We evaluate whether it is appropriate to record the gross amount of sales and related costs or the net amount earned as revenue. Generally, when we are primarily obligated in a transaction, are subject to inventory risk, have latitude in establishing prices and selecting suppliers, or have several but not all of these indicators, revenue is recorded at the gross sales price. We generally record the net amounts as revenue earned if we are not primarily obligated and do not have latitude in establishing prices. Such amounts earned are determined using a fixed percentage, a fixed-payment schedule, or a combination of the two. All revenue, other than Spreebird daily deals revenue and web hosting revenue, is recognized on a gross basis.
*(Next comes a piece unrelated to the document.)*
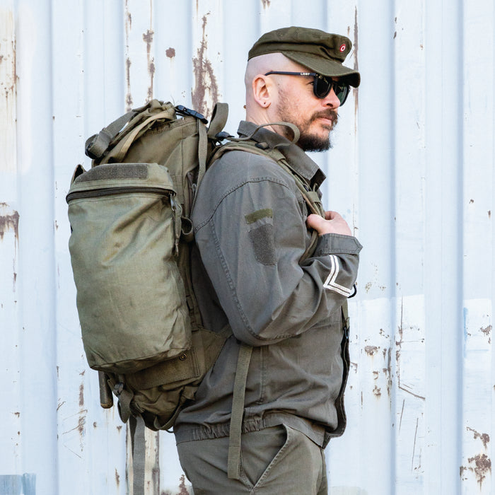 These packs from the Austrian Army were part of an effort to modernise the Austrian army's KAZ03 equipment. The intent with all the original parts was to have a pack to wear over and integrate with your webbing. If a soldier came under contact while on the march, he could quickly hit the release dropping his pack and take the fight to the enemy. Although some of these parts are missing, these still make a fantastic stand alone pack for the avid hunter or hiker.

Allowance for Doubtful Accounts Our management estimates the losses that may result from that portion of our accounts receivable that may not be collectible as a result of the inability of our customers to make required payments. Management specifically analyzes accounts receivable and historical bad debt, customer concentration, customer credit-worthiness, current economic trends and changes in customer payment terms when evaluating the adequacy of the allowance for doubtful accounts. If we believe that our customers' financial condition has deteriorated such that it impairs their ability to make payments to us, additional allowances may be required. We review past due accounts on a monthly basis and record an allowance for doubtful accounts generally equal to any accounts receivable that are over 90 days past due and for which collectability is not reasonably assured.

As of September 30, 2012 and December 31, 2011, two customers, Yahoo! and Google represented 56% and 47% of our total accounts receivable, respectively. These customers have historically paid within the payment period provided for under their contracts and management believes these customers will continue to do so.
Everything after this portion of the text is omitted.